From the Daily Pfennig: "The U.S. Treasury will auction $162 Billion in securities, with maturities ranging from three months to seven years. $162 Billion Folks! In one week! This supply has got to be choking the foreigners we need to buy it so that our deficit can be financed! When will they do the Roberto Duran, "no mas"? Let's hope it doesn't come to that, but quite frankly I wouldn't blame the buyers if they did back away... Too much of something isn't good..."

Remember the Economic principle of Supply and Demand. When the supply is great, value is usually less. In this case, it would appear to be less attractive to buyers which would lower demand. Of course, the Fed is committed to buying much of the left over with more debt.

From MineWeb.com:

Commodities a buy

The Bank Credit Analyst has upgraded commodities to overweight, with energy at the top of the buy list.

Author: Barry Sergeant
Posted: Monday , 25 May 2009

JOHANNESBURG -

The general pricing level of resources stocks listed around the world has now moved up to the best levels seen since October 2008, as investors and other increasingly search for value, as the global economic crisis increasingly recedes on tickets for speeding, and for speeding against the traffic flow.

For one, strategists at the Bank Credit Analyst have upgraded commodities to overweight, with energy at the top of the buy list. Among the key themes, commodities should benefit from both a weaker dollar, "and a shift in investor portfolio preference toward real assets as a hedge against inflation". The upturn in BCA Research's global leading economic indicators is seen as "another positive sign for the commodity complex".

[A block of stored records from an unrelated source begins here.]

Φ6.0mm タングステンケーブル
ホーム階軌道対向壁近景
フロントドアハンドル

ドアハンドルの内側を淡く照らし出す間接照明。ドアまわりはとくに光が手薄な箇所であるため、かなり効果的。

While supply-demand fundamentals remain idiosyncratic for each commodity, in singling out energy as "top" of the buy list, BCA Research argues that "the rally in oil from the low $30s is technically impressive against the weak global demand backdrop and elevated inventories". Oil prices have touched $62/barrel recently "despite lofty US oil inventories (notwithstanding recent inventory declines) and the fact that Americans are driving much less than last year".

The higher price of oil is seen as reflecting in part the upturn in Chinese oil imports and car sales at a time when oil production is lagging. Russia, states BCA Research, "continues to have difficulty boosting output and oil production has been flat for most OPEC countries. Saudi Arabia has cut production sharply". Read it HERE:

When the Bank Credit Analysts speak, we should listen.

From DailyReckoning.com:

Mogambo wrote,"I admit that I did not read the article, but as far as I know, there are only two good reasons to own gold; to preserve wealth when prices are stable, and to make a lot of fiat wealth when your government acts so stupid as to create, or allow to be created, excess money and credit that eventually destroys the currency, especially when undertaken so as to enlarge the size of government, like now, which makes the problem of inflation worse because those more government weenies have a bigger incentive to save their own phony-baloney jobs, but can only make things worse."

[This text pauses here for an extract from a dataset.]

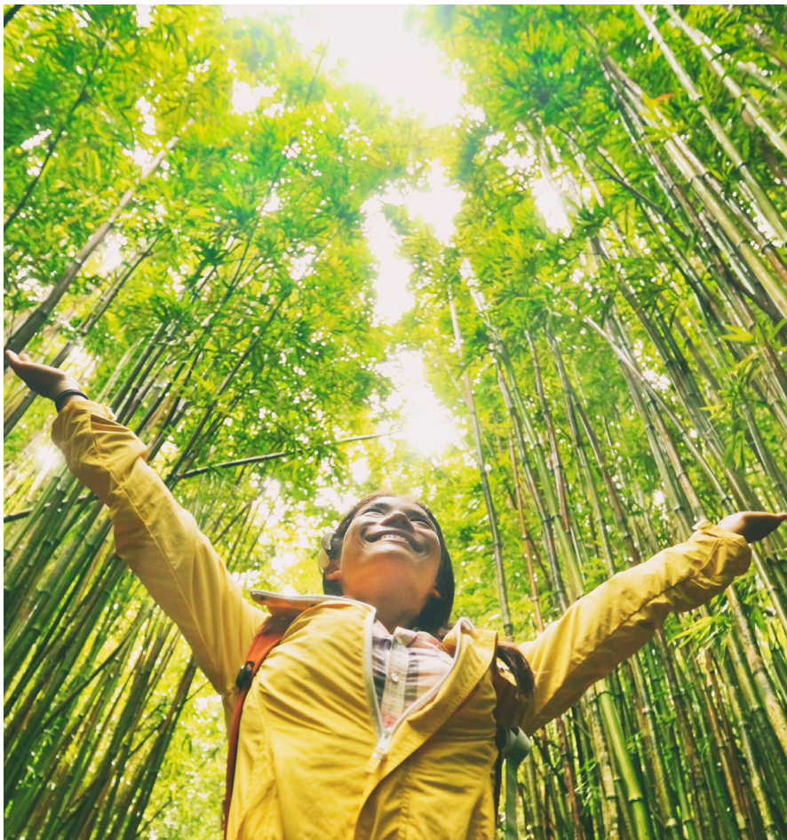
5 Bộ Quy tắc Ứng xử trong Kinh doanh dành cho Nhà cung cấp

Chúng tôi kỳ vọng các nhà cung cấp của mình cũng làm như vậy theo các nguyên tắc cốt lõi sau đây.

Mogambo Guru speaks with straight tongue.

From MondayMorning.com:

As GM Cruises Toward Government Deadline, U.S. Automakers Must Learn to Deal With a Permanently Smaller Market

By William Patalon III
Executive Editor
Money Morning/The Money Map Report

General Motors Corp. (NYSE: GM) is closing in quickly on its June 1 deadline to finish overhauling its operations, or opt for Chapter 11 bankruptcy. Because that deadline is actually one week from yesterday (Monday), analysts and investors will be watching GM closely this week.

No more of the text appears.